* Problem requirements: Exact copies of the lines below are the goal; any images in them are dropped.

* Supplied material:
··········
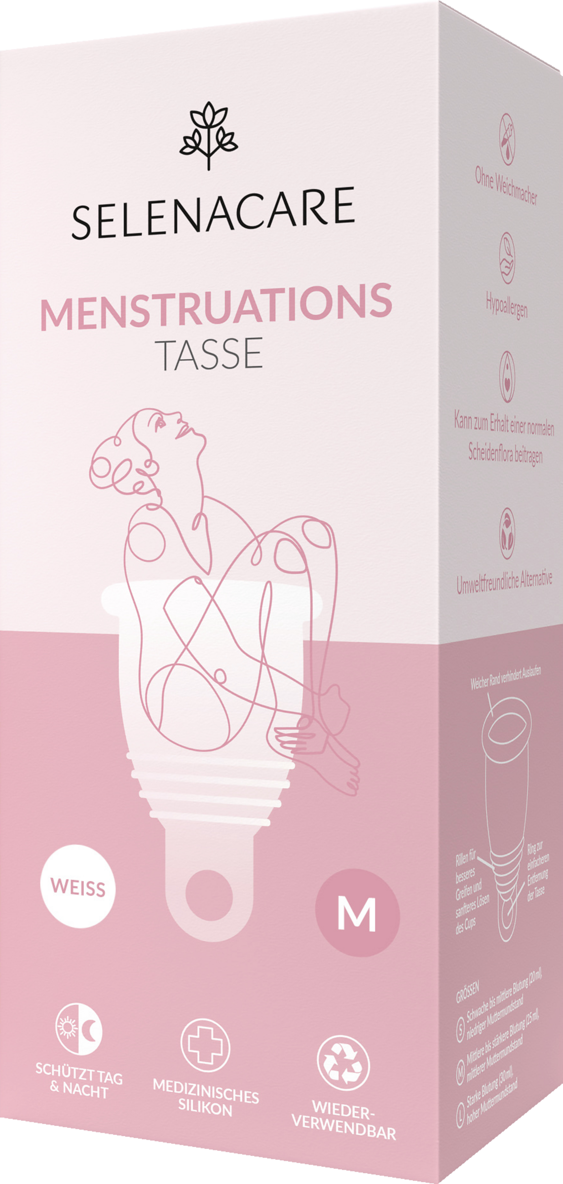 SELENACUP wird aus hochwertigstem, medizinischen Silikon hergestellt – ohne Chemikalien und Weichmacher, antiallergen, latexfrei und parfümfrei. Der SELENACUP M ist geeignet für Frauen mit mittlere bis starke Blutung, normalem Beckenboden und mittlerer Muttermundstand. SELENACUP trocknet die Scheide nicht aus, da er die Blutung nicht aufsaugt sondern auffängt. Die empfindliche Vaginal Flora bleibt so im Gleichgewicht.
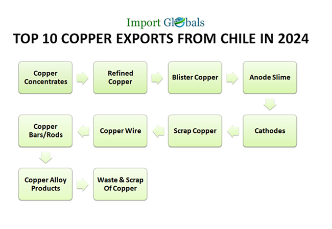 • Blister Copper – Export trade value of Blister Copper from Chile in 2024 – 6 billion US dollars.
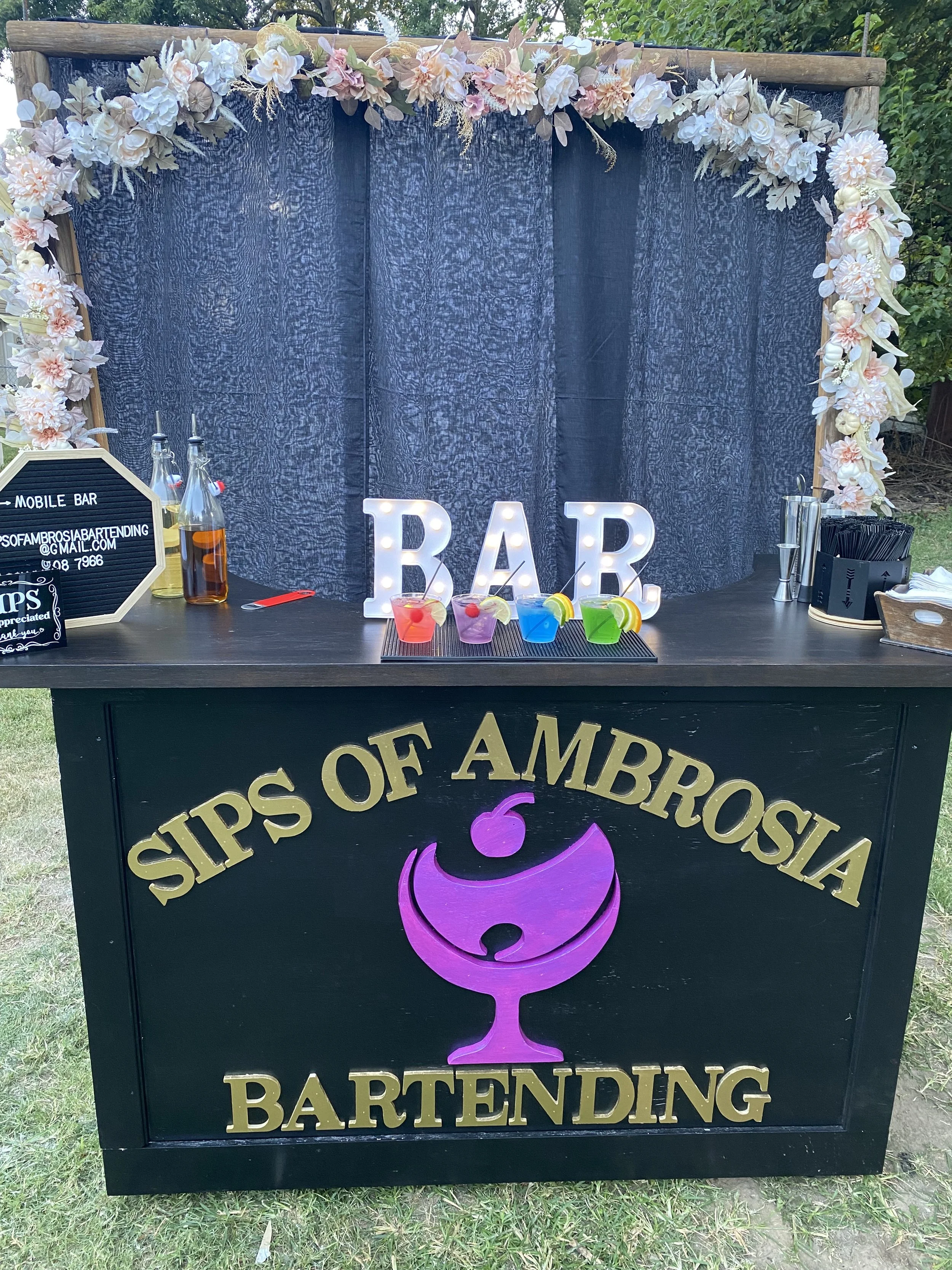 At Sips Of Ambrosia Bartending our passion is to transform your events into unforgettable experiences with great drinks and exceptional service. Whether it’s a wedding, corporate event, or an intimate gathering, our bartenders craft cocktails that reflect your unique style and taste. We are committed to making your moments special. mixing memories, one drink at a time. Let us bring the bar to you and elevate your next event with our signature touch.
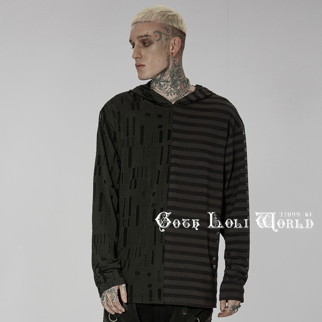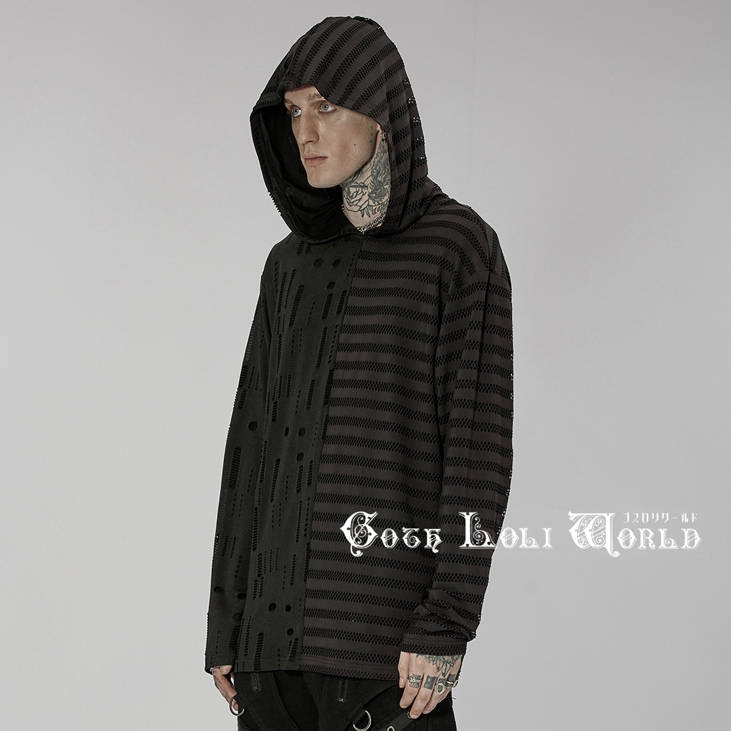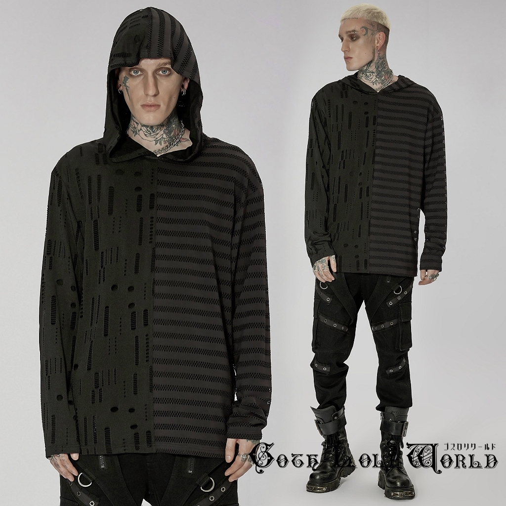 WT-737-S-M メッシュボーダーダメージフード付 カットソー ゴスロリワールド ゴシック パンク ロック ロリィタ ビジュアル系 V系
··········
* Expected output:
 SELENACUP wird aus hochwertigstem, medizinischen Silikon hergestellt – ohne Chemikalien und Weichmacher, antiallergen, latexfrei und parfümfrei. Der SELENACUP M ist geeignet für Frauen mit mittlere bis starke Blutung, normalem Beckenboden und mittlerer Muttermundstand. SELENACUP trocknet die Scheide nicht aus, da er die Blutung nicht aufsaugt sondern auffängt. Die empfindliche Vaginal Flora bleibt so im Gleichgewicht.
 • Blister Copper – Export trade value of Blister Copper from Chile in 2024 – 6 billion US dollars.
 At Sips Of Ambrosia Bartending our passion is to transform your events into unforgettable experiences with great drinks and exceptional service. Whether it’s a wedding, corporate event, or an intimate gathering, our bartenders craft cocktails that reflect your unique style and taste. We are committed to making your moments special. mixing memories, one drink at a time. Let us bring the bar to you and elevate your next event with our signature touch.
 WT-737-S-M メッシュボーダーダメージフード付 カットソー ゴスロリワールド ゴシック パンク ロック ロリィタ ビジュアル系 V系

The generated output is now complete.